Though she has always had great support from her family, Gonzales said she primarily drove herself to complete her doctoral degree. “I wanted to do something for myself, as well as something a very small percentage of Mexican American cis-females have done, which is to complete a higher education degree,” she said. “It was through my own perseverance and motivation that I completed this degree.”

Gonzales praised the university’s educational leadership program, calling it “amazing” with “the greatest instructors and staff,” naming staff member Catherine Snow and faculty members Edna Martinez, Enrique Murillo Jr., Sharon Brown-Welty, Angela Louque, Nancy Acevedo-Gil and program specialist Audrey Baca Lopez among them.

“This program and these people created a curriculum that explored education and the inequalities that exist, and implored us to explore our role in the problem as well as the solution,” she said. “The education I got from this program and from CSUSB has defined the next chapter of my life and informed what changes I need to make to the educational system.”

She plans to continue teaching high school students as well as becoming an educator in a teacher education program at the community college or university level.

Ruiz, also from Riverside, said being a school psychologist was a calling, one that allowed him a career that gives him the “the autonomy to work in health and education simultaneously” and allows him to see “my work result in safer, healthier schools and happier children and families.”

As a first-generation Latinx student, Ruiz said support from his family was instrumental in his success in college. “Their unconditional positive regard, sacrifices, and love in action have been the most motivating and inspiring thing for me – it’s the biggest reason why I’ve been able to push through hard times and make the choice to keep going.”

Academically, he said “the entire school psychology faculty” were his mentors. But he named Roderick D. O’Handley, his formal research mentor. “I really admire his mentorship style and aspire to emulate him once it’s my turn to teach and train the next generation of school psychologists.”

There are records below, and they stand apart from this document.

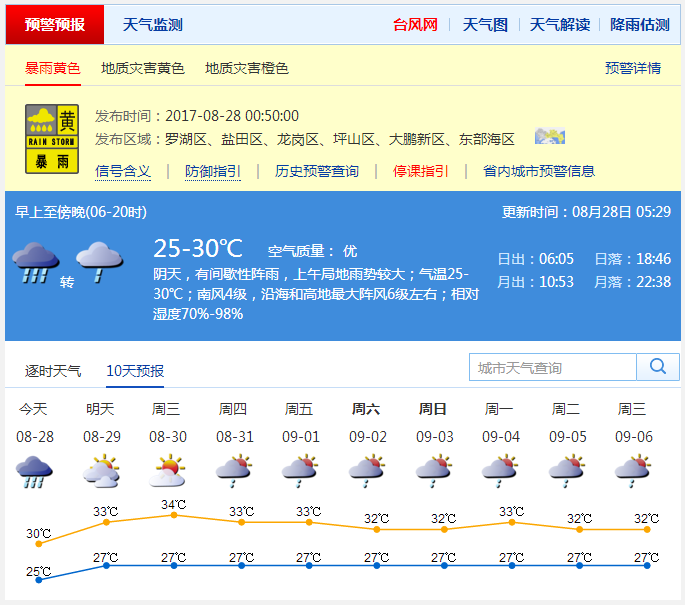 气象专家指出,虽然"帕卡"的路径跟"天鸽"比较相似,从台风自身强度上看,"帕卡"比"天鸽"要弱一个等级,但是"帕卡"在西南季风的支援下携带大量水汽,对深圳降雨的影响要强于"天鸽"。预计28日白天降雨明显减弱,转阵雨天气。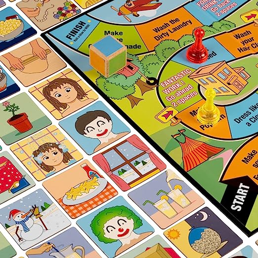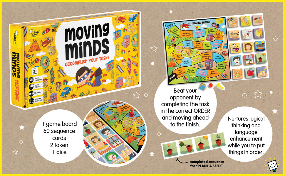 - A colourful game board with instructions needed to complete the given sequence happening in daily life. It nurtures the child's logical thinking and language skills.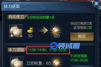 每日两个时段(11:00~14:00,17:00~20:00)内可在体力获取界面领取60点体力。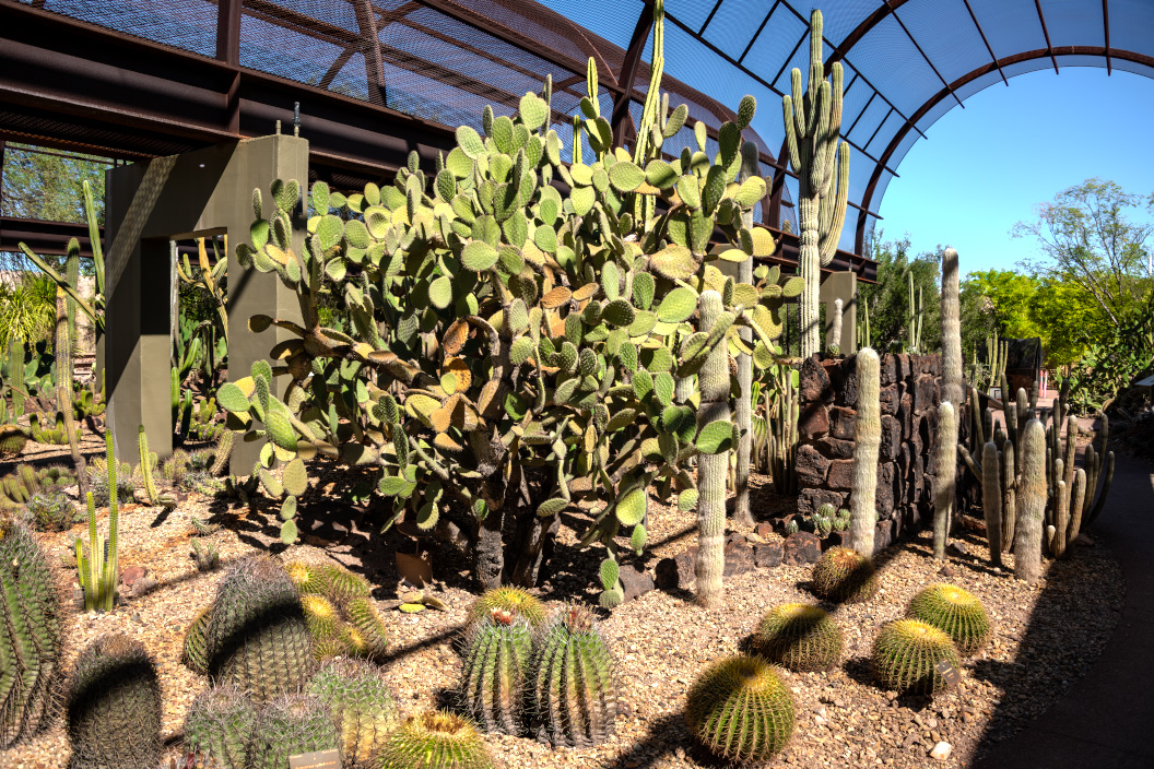 Next up is a covered pavilion full of a variety of cactuses. I love it, not only for the cactus but for the relief from the sun that it provides, which is especially important on a summer visit to the Desert Botanical Garden.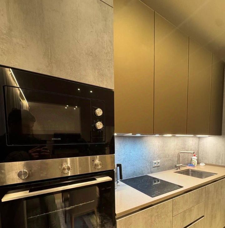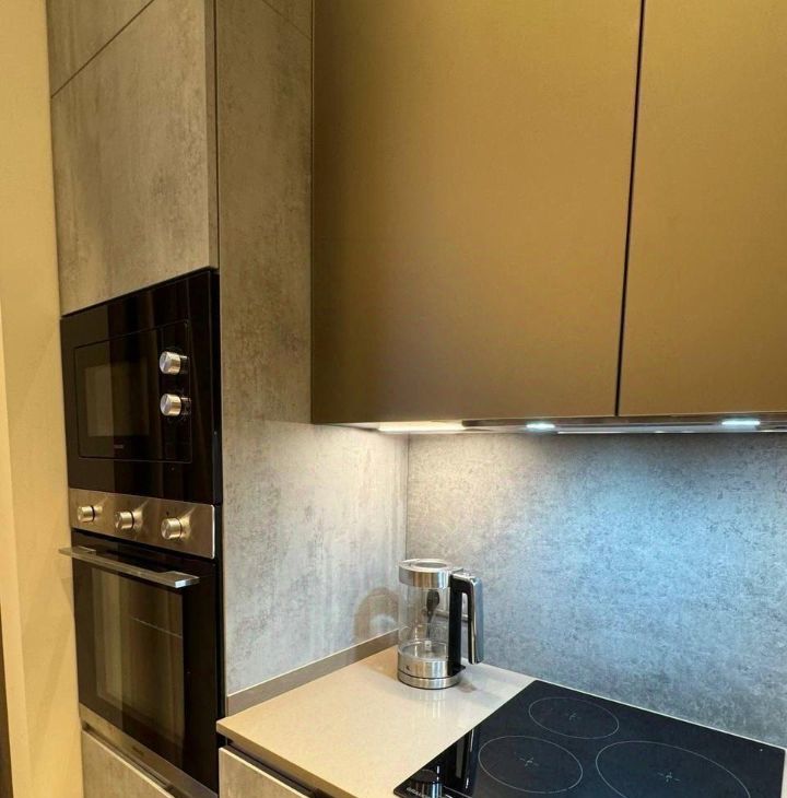 В квартире есть все необходимое для комфортного проживания. Просторная кухня оборудована современной техникой: холодильник, посудомоечная машина, кондиционер и телевизор. В комнате и на кухне установлена качественная мебель. В ванной комнате — душевая кабина и стиральная машина. Благодаря дизайнерскому ремонту, интерьер выглядит стильно и уютно.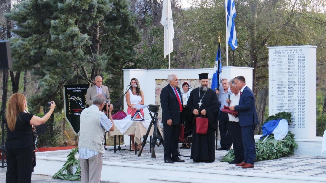 Ακολούθησαν χαιρετισμοί, η κεντρική ομιλία από τον εκπρόσωπο της Κυπριακής Πρεσβείας κ. Ταλιαδώρο, απονομές αναμνηστικών, χοροί από τον χορευτικό σύλλογο Μαντουδίου "Μάκιστος" και η εκδήλωση έκλεισε με μικρή δεξίωση, που παρέθεσε ο Δήμος στο χώρο του Μνημείου.

And it helped that being in CSUSB’s school psychology program felt like being in an extended family, Ruiz said. “As much as I enjoyed my time at other schools, I never felt like a really belonged quite as much as when I first stepped foot onto campus and into my first school psychology lecture,” he said. “You could just tell that the faculty and staff really cared for their students and were there for the primary purpose of empowering us and making meaningful memories. Everyone – from my research mentor to program director, to my colleagues and department staff – has been so instrumental in my journey and professional development. I’m deeply grateful I made that decision three years ago to be a part of this ever-growing, inspiring, and innovative community.”

Ruiz will attend the University of Connecticut in the fall, where he will be enrolled as a doctoral student in the school psychology program. “My overall goal is to improve educational programming outcomes for underserved and at-risk communities by way of whichever medium/sector is most effective.”